One of Team GB's skeleton riders has admitted "something's not right" after British athletes failed to pick up a medal in the event for the first time at a Winter Olympics in the 21st century.
While medals have largely been hard to come by for Team GB in winter sports, the skeleton has been a regular source of success every four years.
After bronze medals at Salt Lake City 2002 and Torino 2006, Britain's first gold medal finally came at the 2010 Games in Vancouver as Amy Williams topped the women's event.
And Lizzy Yarnold took over the mantle for the next two Olympics, winning back-to-back golds in Sochi and PyeongChang, while two more bronzes came at the Korea Games.
That pedigree meant there was expectation upon this year's crop of skeleton riders, but Matt Weston and Marcus Wyatt finished 15th and 16th in the men's event, while Laura Deas and Brogan Crawley are also out of contention.
The equipment used by the British riders has largely been blamed for the results.

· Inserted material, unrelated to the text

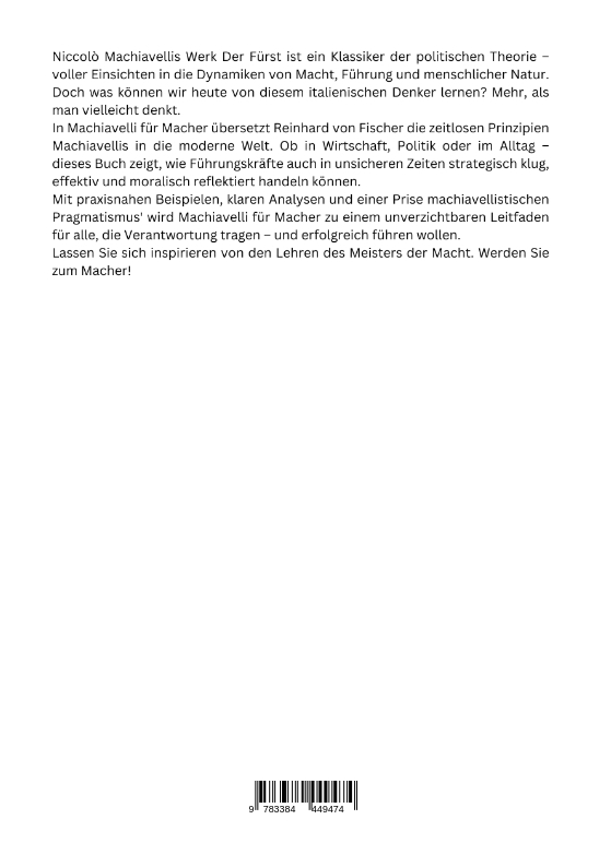 Macht. Strategie. Erfolg.Niccolò Machiavellis Werk Der Fürst ist ein Klassiker der politischen Theorie - voller Einsichten in die Dynamiken von Macht, Führung und menschlicher Natur. Doch was können wir heute von diesem italienischen Denker lernen? Mehr, als man vielleicht denkt.In Machiavelli für Macher übersetzt Reinhard von Fischer die zeitlosen Prinzipien Machiavellis in die moderne Welt. Ob in Wirtschaft, Politik oder im Alltag - dieses Buch zeigt, wie Führungskräfte auch in unsicheren Zeiten strategisch klug, effektiv und moralisch reflektiert handeln können.Mit praxisnahen Beispielen, klaren Analysen und einer Prise machiavellistischen Pragmatismus' wird Machiavelli für Macher zu einem unverzichtbaren Leitfaden für alle, die Verantwortung tragen - und erfolgreich führen wollen.Lassen Sie sich inspirieren von den Lehren des Meisters der Macht. Werden Sie zum Macher!

"Something's not right," Weston told BBC Sport. "I think there are quite a few questions that need to be raised but equipment is definitely going to be one of them.
"We'll review everything from start to finish, how it went, the processes we went through to try to get here, but equipment is definitely going to be on the list of the stuff we review."

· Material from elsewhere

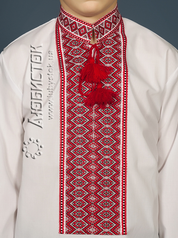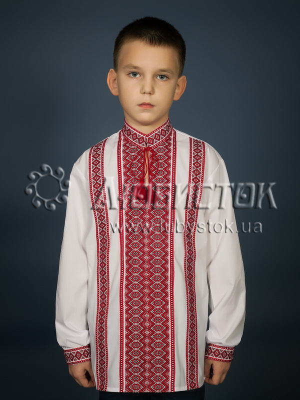 Вишиванка - вишита сорочка для хлопчика ЧС 28-75Д з тканою вишивкою. Крій - український, традиційний. Комір - вишита стійка. Горловина на кнопках з кутасиками. Краї рукавів з вишивкою на манжет і ґудзик. Вишивка ткана, червоними, чорними та білими акриловими нитками. Візерунок 75 - геометричний. Тканина якісна біла сорочкова.

BBC commentator John Jackson also criticised the equipment, adding: "It's the whole package, the runners, the sled.
"Whatever is happening with the equipment, when you look at Matt Weston's slide, you can compare it to the best sliders, but there's just no speed in this equipment.
"Whoever has made these decisions on the technical development side, they've gone the wrong way."
After receiving £6.4m in UK Sport funding over the last four-year cycle, Skeleton is one of the best-funded Winter Olympic sports in the country.
But results in other events have not been awe-inspiring, and this failure to win a medal on the biggest stage of all is likely to lead to fears of potential funding cuts.
Former gold medallist Williams, however, has implored the powers-that-be to go against making such a call as "money means medals".
"I think the main thing with the British skeleton programme is that we have a wave of young athletes coming through who just don't have the experience," she said in her role as a pundit for Eurosport.
"After every single four years people retire out or come in, and the wave of athletes now... their aim was always in their programme cycle to be medalling in four years' time – I'll put a big large bet on it that they will medal in four years.
"They will have learned massively from this, and you need to have that funding, the money to keep trickling on to bring in athletes from talent ID programmes and to continue that success.
"You have to have that money underneath the Olympic programme to continue [bringing through] that talent."